When I first came home, my mother treated me better for a time—because of my abortion, I believe, realizing that it had been a painful experience for me. She even allowed me to keep the cockatiel I’d bought in southern California—“Mutty,” for “muttonchops,” because when he fluffed up his neck feathers, it looked like that old-fashioned style of beard. But it wasn’t long before she lapsed into abusiveness again. As for my brother, he was as hostile towards me as ever. When I went out of my way to be nice to him, he snarled, “Leave me alone. I don’t want to be your friend!”

They’d moved to a new condominium in Concord, only a few blocks away from my grandmother and Uncle Rob. It had cream carpeting and mostly cream upholstery—and one wall of the living room was a mirror, which made the place look bigger. My mother always sat in a blue velvet chair facing the mirror—and when she caught a glimpse of herself, she would adjust her mouth into an odd, artificial-looking smile, apparently trying to look prettier or put on a more pleasant expression.

I slept on the living room sectional, while my mother and brother occupied the two bedrooms upstairs. Most of the few possessions I’d packed into a trunk before my move to southern California wound up in a cramped storage closet off the tiny back patio.

When I’d visited my dad, I’d told him how depressed I was and asked if he would help me financially to resume therapy with someone I chose, rather than someone who was assigned to me. He agreed—but said he would pay only as much as my mother did. Mom also agreed and recommended Dr. G, who had impressed her when he spoke at a conference she’d attended.

It was clear to me from our first session that Dr. G engaged far more with his clients than either of my psychiatrists had—and I left feeling a rush of hope. After the second session, however, I wrote:

I’d hoped that therapy would be different this time, that I’d find a therapist who would be a friend—someone who would like me, believe in me, trust me. I wanted a place to pour out everything that was inside—good and bad— and be able to trust my therapist to understand, to forgive the bad and appreciate the good.

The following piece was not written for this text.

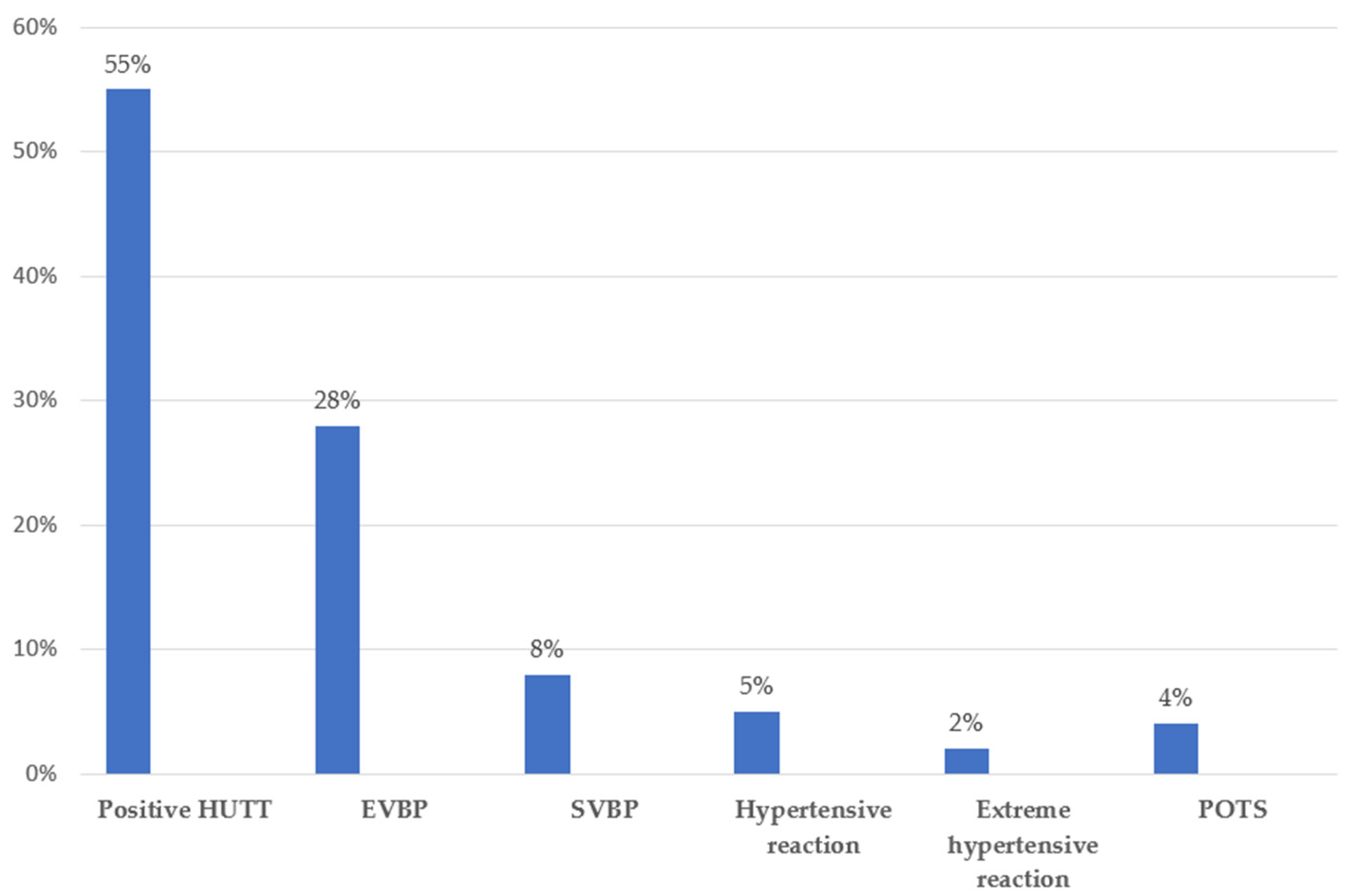 As shown in Figure 2, 55% of patients had a positive HUTT, which aligns with the high prevalence of prior syncope in this group (Table 1). The most common abnormality was extreme blood pressure variability, a pattern also reported in ME/CFS and PCS, where it appears in ~45% of patients with previous syncope [45]. Such fluctuations likely reflect impaired short-term baroreceptor regulation and are strong predictors of vasovagal responses during HUTT [51]. Only 4% of patients exhibited POTS, consistent with its higher prevalence in PCS and infections such as Mycoplasma or Borrelia, but not Coxiella [13,18,52]. Overall, these HUTT findings indicate underlying dysautonomia and may contribute to orthostatic intolerance, although further studies are needed to clarify the mechanisms.

But today when I walked out of Dr. Goren’s office and headed for the john, I felt a storm of tears threatening. And later I thought about committing suicide again. I feel I need empathy and understanding from a therapist—and that if I can’t find these things, the only alternative is suicide because I can’t go on living with these feelings—either half-dead with a desolating emptiness or in the throes of wild despair.

The main purpose of the session today was to find out why I was so excited after the last one and why I walked in so scared today. It was his theory that I became excited because I thought I was going to be remade by him in therapy. “A beautiful fantasy,” he said, “being remade.” But I think I was elated because, when he guided me in his questioning last week, it gave me a feeling of partnership. I imagined that I’d found the rapport I’ve been so starved for there aren’t even words to express it.

I saw Dr G only a few times, deciding to quit therapy with him after a session in which he tried to bully me into an admission that I was a lesbian. I’d gone home and cried bitterly, afraid he might be right, when all I’d ever wanted was a man to share my life with. I was so suggestible at the time I couldn’t even factor in what should have been obvious to me—that I was attracted to Dr. G himself.